The Growth of Business Big Ideas and Questions: 1. What impact did

The Growth of Business
Big Ideas and Questions:
1. What impact did Big Business have on population movement and growth?
2. How did big business change America?
My Thoughts:
While some Americans were moving west on the Transcontinental Railroad and having conflict
with the Native Americans in the Great Plains, those who stayed East found themselves building a
grand nation of industry. In the years before and immediately after the Civil War, new inventions in
the East led to the growth of big businesses.
In the 1850s, Americans found ways to use oil for heating, lighting and cooking, and found
ways to get it from the ground. Henry Bessemer discovered a way to manufacture one to two days of
steel in ten to twenty minutes, and immigrants moved into the United States who were willing to do
manufacturing work. After the war, new inventors like Thomas Edison and Alexander Graham Bell
brought great change to the country. Edison developed electric light and an electric power system.
Alexander Graham Bell invented the telephone. By 1880 there were 55,000 telephones in America.
Twenty years later there were 1.5 million. The great change continued into the 1890s when J. Frank
and Charles Duryea first test a gas powered car. In 1908, Henry Ford built the first incredibly popular
model car for consumers to buy: The Model T.
Americans had so much more money in the years after the Civil War, this money, along with
advertising and the Railroads allowed big business to thrive! America was already filled with
natural resources, and new technology helped them harness those resources. Trains, advertising,
money and new inventions brought about a boom in big business, especially in three fields: oil,
railroads and steel.
By the late 1800s, oil was found to be useful for power, heating, lighting and cooking. In 1859
Edwin L. Drake proved that it was possible to pump oil from the ground. In efforts to make oil
affordable to everyone, businessmen tried to find cheap ways to pump it, and to refine it. No one was
more successful than John D. Rockefeller. Rockefeller became the titan of the oil industry, starting a
company called Standard Oil Company. Standard Oil made oil less expensive and available to
everyone, but it also became a big monopoly. A monopoly is a when a company has total ownership
of a product or service. This means that they completely control that product. Rockefeller had almost
complete control over the oil business, but many big leaders in business at that time controlled
monopolies too.
As Railroads developed moving east to west, they did two extremely important things. First,
they brought raw materials from the west to the factories in the east. They would bring things like
copper, lead, and iron back to the factories. They especially brought iron from the west to
Pittsburgh. The second thing railroads did was take the goods (the finished products) from the
factories to people! That way people could receive goods, and since the railroads went across the
country- people across the country could get them; creating a national market. The titan of the
railroad and shipping industry was Cornelius Vanderbilt from New York. The Vanderbilt family made
millions, and there are still rich Vanderbilt’s today (like TV’s Anderson Cooper!).

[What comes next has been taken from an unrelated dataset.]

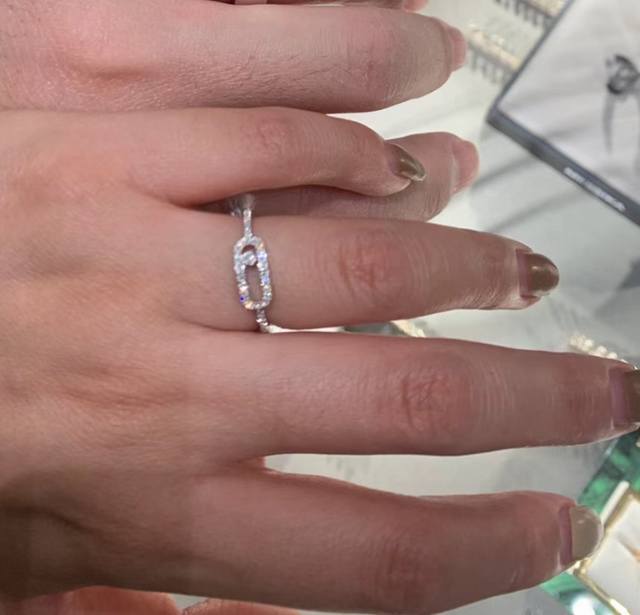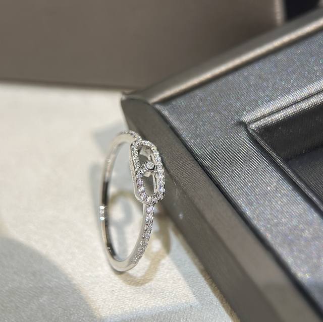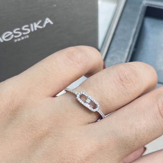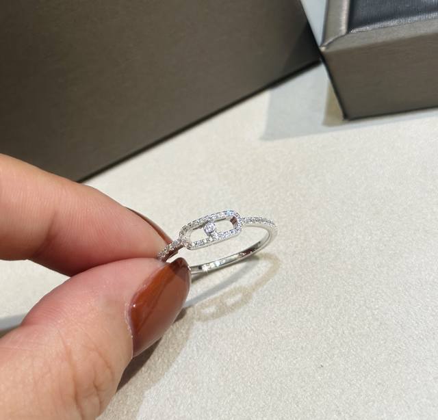 S0262 Messika New Single Diamond Sliding Diamond Ring, made of selected German imported S925 sterling silver with thick gold plating, superb craftsmanship, versatile summer minimalist style, platinum, sizes 6, 7, and 8 available, sterling silver ring.

By the middle of the 1850s, Henry Bessemer had developed the Bessemer process, which
made manufacturing steel easy and cheap. A Scottish immigrant named Andrew Carnegie perfected
the process and developed a steel manufacturing plant in Pittsburgh. Like Rockefeller, Carnegie
came to hold a monopoly over the steel industry, and even bought mines, and railroads so that he
could mine his own materials, create the steel at his factories, and then ship them out on his
railroads. Carnegie was a mastermind, and eventually sold his company in 1901 for $480 million.
Like Rockefeller and Vanderbilt, Carnegie gave a lot of his money away to public works. He was a
very famous philanthropist.
The growth of business caused a growth in cities, as immigrants and workers had to move into
the cities in order to find work. These big businesses used many workers, which was good in that so
many people had a job, but oftentimes these workers were treated poorly. The main thing to
remember about the Growth of Business is that new inventions from the middle of the 1800s caused
a great wave of business which made luxury items cheaper and easier to make. The big businesses
caused people to move into the cities, but eventually those workers would be mistreated.
1. Look in paragraph 2. Name two inventors and their inventions.
2. Who made the incredibly popular car starting in 1908?
3. Name four things that “brought about a boom in big business.”
4. Who controlled the oil industry?
5. Who controlled the Railroad Industry?
6. Who controlled the Steel Industry?
7. In what city was the steel industry located?